A Donkey for President Bush

May 12, 2007

by Jane Wells

In his most recent op-ed piece in the New York Times, Nicholas Kristof argues that what is needed to galvanize President Bush and the public to do something about the genocide in Darfur is a suffering puppy.

Kristof referenced a number of scientific studies that explore how and why decent people (fail to) respond to genocide, famine and poverty. A single child or animal is more effective than actual facts and statistics about suffering or even a group of starving children. With bewilderment Kristof reminds us that when he first started writing about the genocide in Darfur "A single homeless hawk (Pale Male of New York City) aroused more indignation than two million homeless Sudanese".

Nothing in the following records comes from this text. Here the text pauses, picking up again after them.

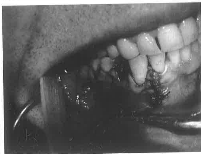
Slika 4. Mukoperiostalni režanj zašiven nakon operativnog zahvata odstranjenja cistične tvorbe po metodi Partsch II.

Operativni postupak radimo nakon što smo osigurali bezbolnost bilo lokalnom ili općom anestezijom. Za male ciste čeljusti zahvat je u najvećem broju slučajeva moguće provesti uz lokalnu ili provodnu anesteziju i u ambulantnim uvjetima. Zahvat započinje jednim od tipičnih rezova (Partsch, Pichler, Harnisch, Nowak–Peter i dr.). Nakon što smo izluštili cističnu čahuru, možemo koštanu šupljinu isprati s 3%-tnim vodikovim peroksidom, kako bismo bolje vidjeli jesu li na kosti zaostali djelići čahure, koji su obično crvenkasti u odnosu na bijelu površinu kosti. Ako je u cističnu čahuru stršao korijen ili više korjenova zuba, njih ćemo, nakon što smo izluštili cistu, apicektimirati.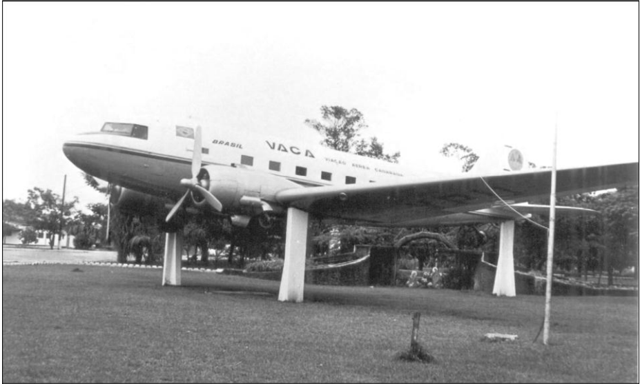
Figura 2: Avião monumento na praça central de Canarana/MT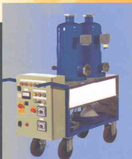
دستگاه تصفیه مذاب آلومینیوم (گاز زدایی)

دلیل ممتاز بودن کیفیت محصول آذر صنعت گلپایگان است.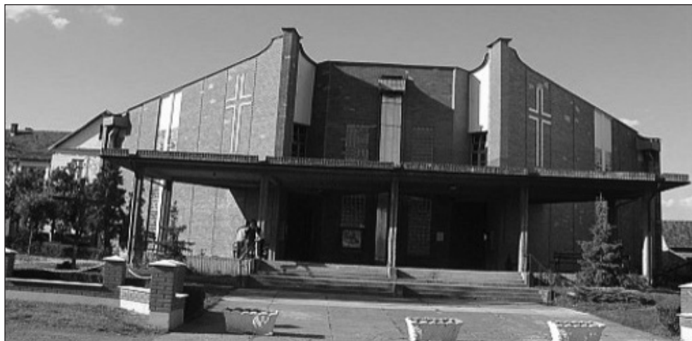
Prilog 20. Crkva sv. Ane Domaljevac

U crkvi se nalaze dva vitraja Đ. Sedera: Raspeti Krist i Sv. Ana . Put križa naslikao je M. Živković. Godine 2001. u crkvi je postavljeno raspelo autora I. Križanca. U dvorištu ispred crkve postavljen je 2000. brončani kip Sv. Ana , rad akademskog kipara iz Zagreba Slavena Miličevića. 78 Pod konac osamdesetih godina od jedne njemačke župe dobivene su rabljene orgulje na dar. 79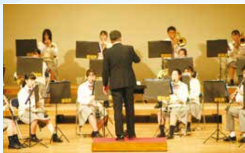
郡山教諭の指揮のもと

本校吹奏楽部は顧問郡山教諭の熱心な指導の下、放課後、土・日曜日も練習を続けてきました。今年度は新型コロナウイルス感染症拡大防止のため、各種大会が中止になり、なかなか日頃の練習の成果を発揮できる機会がありませんでした。吹奏楽部員1年生11人、2年生10人、3年生9人、計30人、3年生にとっては最後の舞台となりましたが、一生懸命演奏しました。応援に来ていただいた皆様、ありがとうございました。

Yet indifference and donor fatigue can dissipate with the right prompt. So, what would be the pivotal prompt that could get America to stand up and respond now? Some wags have suggested that if only Anna Nicole Smith had died in a camp in Chad, or perhaps if Paris Hilton had been arrested drunk in Darfur, the media attention would have wrought some change.

There aren't many cute puppies roaming Darfur these days, but I'd like to present a Darfurian donkey to President Bush and the American public:


His scars are the result of burns. He was burned while his owner's home was ransacked in the village of Alliet. A witness untied him from a tree so he could escape the flames, but Government of Sudan soldiers tied him up again so he could not run away. He was left to slowly die from festering burn wounds, tethered, helpless and without food or water.

Welcome to his world America. His name is Eeyore.